[Records from a collection]
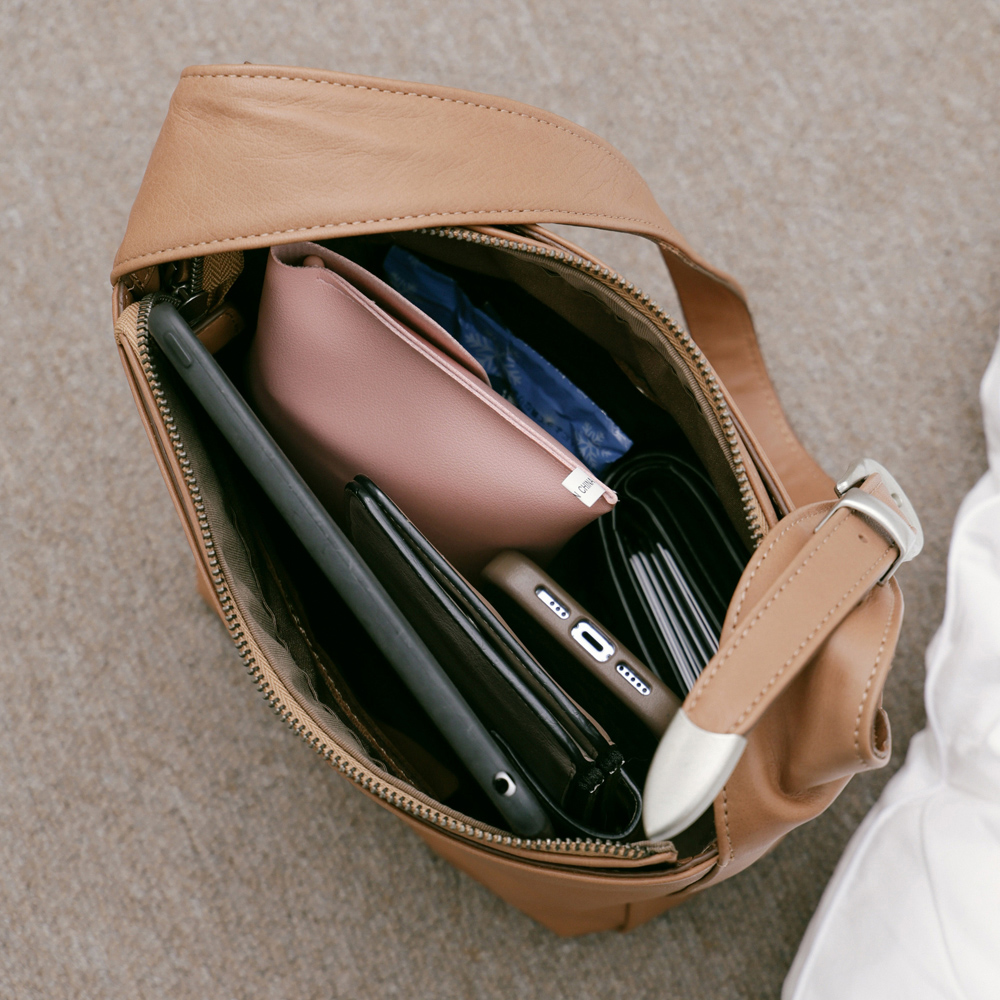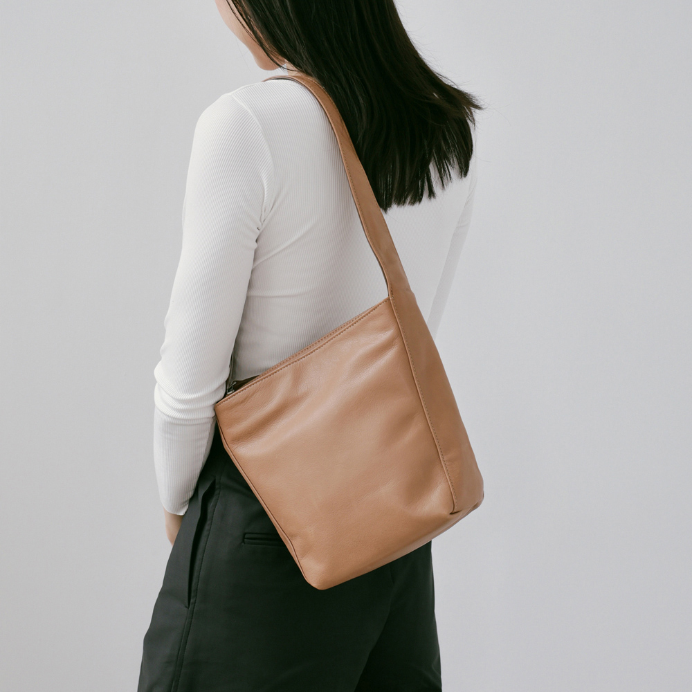 Supportingrole簡約百搭輕量兩用真皮手提肩背腋下托特包 焦糖奶茶
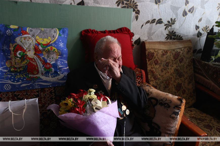 Музыкальный подарок молодежь Могилева подготовила еще для одного ветерана - Павла Козлова. В этом году ему исполнилось 96 лет. Войну он встретил в возрасте 17 лет. Прошел курс молодого бойца и направился на фронт служить связистом. Воевал в Украине, прошел Австрию, Венгрию, Чехословакию. В одном из боев был ранен, получил контузию. До конца войны еще дважды был ранен. Фронтовик рассказал, что из госпиталя всегда досрочно просился на фронт, чтобы дальше участвовать в боевых действиях. С войны вернулся в 1948 году, имеет многочисленные награды.
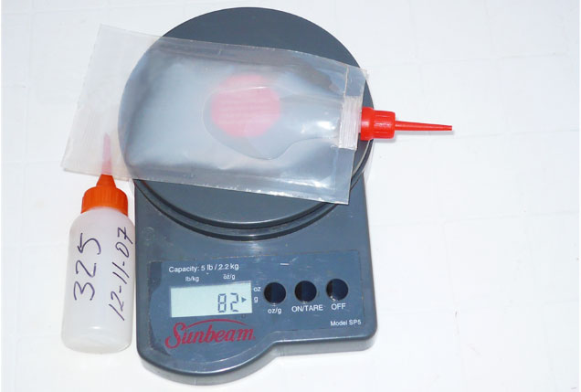 The calculation considering the new 80-ml container was corrected, so for 20 doses the total volume needed was 1,600 ml. The filling volume was set at 80 ml, and digital scales were introduced for weighing the doses as a control measure. The doses must weigh 80 g after subtracting the weight of the container (Photo 3).
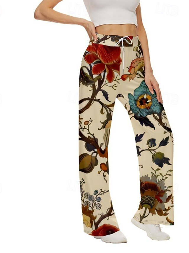 Mulheres Perna larga Calças Roupa de rua Casual Comprimento total Natural Flor Imprimir Design de cordão elástico Confortável Roupa Diária Final de semana Vermelho Outono Normal
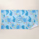 Colourful Water Splash Blue Whale Monogram Pattern Beach Towel
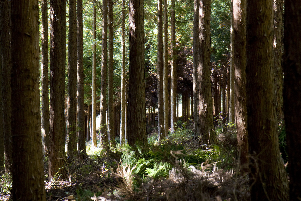 枝打ちをして、見通しが良くなりました。 地面には打たれた枝が摘まれています。豊かな下草に覆われる事でしょう。

__Task instructions__
The lines from the start of the data through the line that contains "Музыкальный подарок молодежь" are to be returned exactly, please, with both ends included and every picture left out.

__Worked solution__
 Supportingrole簡約百搭輕量兩用真皮手提肩背腋下托特包 焦糖奶茶
 Музыкальный подарок молодежь Могилева подготовила еще для одного ветерана - Павла Козлова. В этом году ему исполнилось 96 лет. Войну он встретил в возрасте 17 лет. Прошел курс молодого бойца и направился на фронт служить связистом. Воевал в Украине, прошел Австрию, Венгрию, Чехословакию. В одном из боев был ранен, получил контузию. До конца войны еще дважды был ранен. Фронтовик рассказал, что из госпиталя всегда досрочно просился на фронт, чтобы дальше участвовать в боевых действиях. С войны вернулся в 1948 году, имеет многочисленные награды.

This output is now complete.